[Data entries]
◇ ◇ ◇ ◇ ◇ ◇ ◇

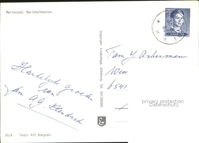 old postcard Mariestad Marieholmsbron postalisch gelaufen Erhaltung siehe scans
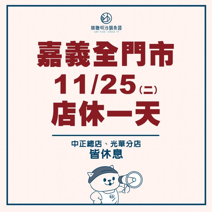 林聰明沙鍋魚頭嘉義全門市將於11/25(二
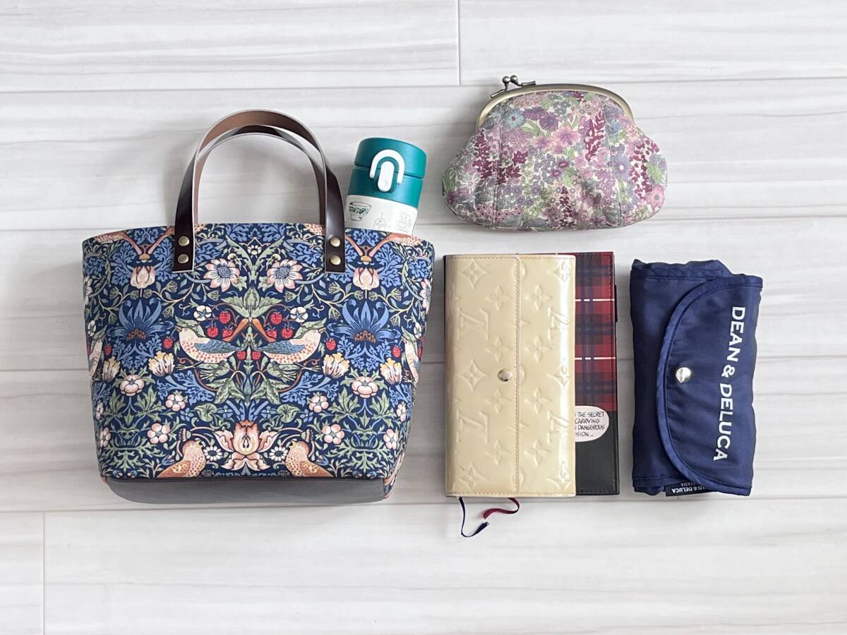 ハンドメイド+ウィリアムモリス+いちご泥棒+爽やか+ブルー+青+いちご+鳥+Mサイズ+ころりん+トートバッグ +本革
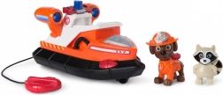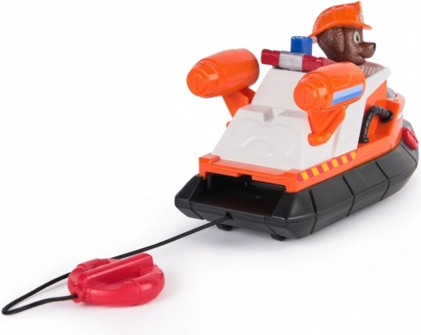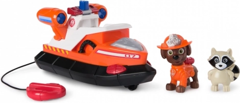 Zuma, mający ponad 5 cm wysokości w swoim strażackim stroju, jest gotów uratować sytuację. Łódź strażacka jest wyposażona w koło ratunkowe przymocowane do linki, co zapewnia mnóstwo akcji i przygód. Zumie dodaje uroku także mały szop pracz, którego można uratować. Dzieci mogą nacisnąć przycisk, aby wystrzelić koło ratunkowe, do którego szop idealnie pasuje. Dzięki oryginalnemu stylowi Psi Patrolu zabawka wygląda jak w serialu, inspirując dzieci do przeżywania przygód.
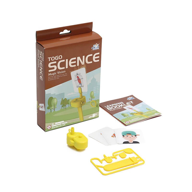 Pull the rope to view 3 different images and draw your own to see them blend as one image. Learn about "the persistence of vision", the theory that images persist in your brain a few moments after you see it. Use your imagination to create and flip through different images.
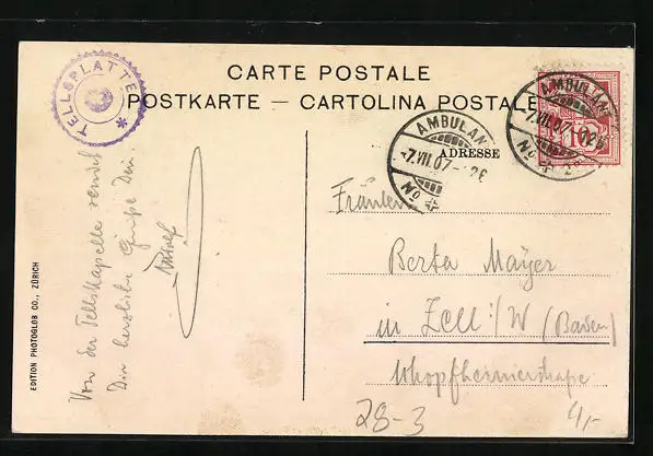 alte Ansichtskarte, gelaufen 1907, Stempelspur, guter Zustand
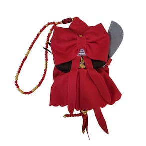 Material composição: Feltro, enchimento de espuma, pedra olho de gato, pérolas.

◇ ◇ ◇ ◇ ◇ ◇ ◇

*Your task*.
Repeat every entry above word for word, and include no pictures.

*Answer to the problem*.
 old postcard Mariestad Marieholmsbron postalisch gelaufen Erhaltung siehe scans
 林聰明沙鍋魚頭嘉義全門市將於11/25(二
 ハンドメイド+ウィリアムモリス+いちご泥棒+爽やか+ブルー+青+いちご+鳥+Mサイズ+ころりん+トートバッグ +本革
 Zuma, mający ponad 5 cm wysokości w swoim strażackim stroju, jest gotów uratować sytuację. Łódź strażacka jest wyposażona w koło ratunkowe przymocowane do linki, co zapewnia mnóstwo akcji i przygód. Zumie dodaje uroku także mały szop pracz, którego można uratować. Dzieci mogą nacisnąć przycisk, aby wystrzelić koło ratunkowe, do którego szop idealnie pasuje. Dzięki oryginalnemu stylowi Psi Patrolu zabawka wygląda jak w serialu, inspirując dzieci do przeżywania przygód.
 Pull the rope to view 3 different images and draw your own to see them blend as one image. Learn about "the persistence of vision", the theory that images persist in your brain a few moments after you see it. Use your imagination to create and flip through different images.
 alte Ansichtskarte, gelaufen 1907, Stempelspur, guter Zustand
 Material composição: Feltro, enchimento de espuma, pedra olho de gato, pérolas.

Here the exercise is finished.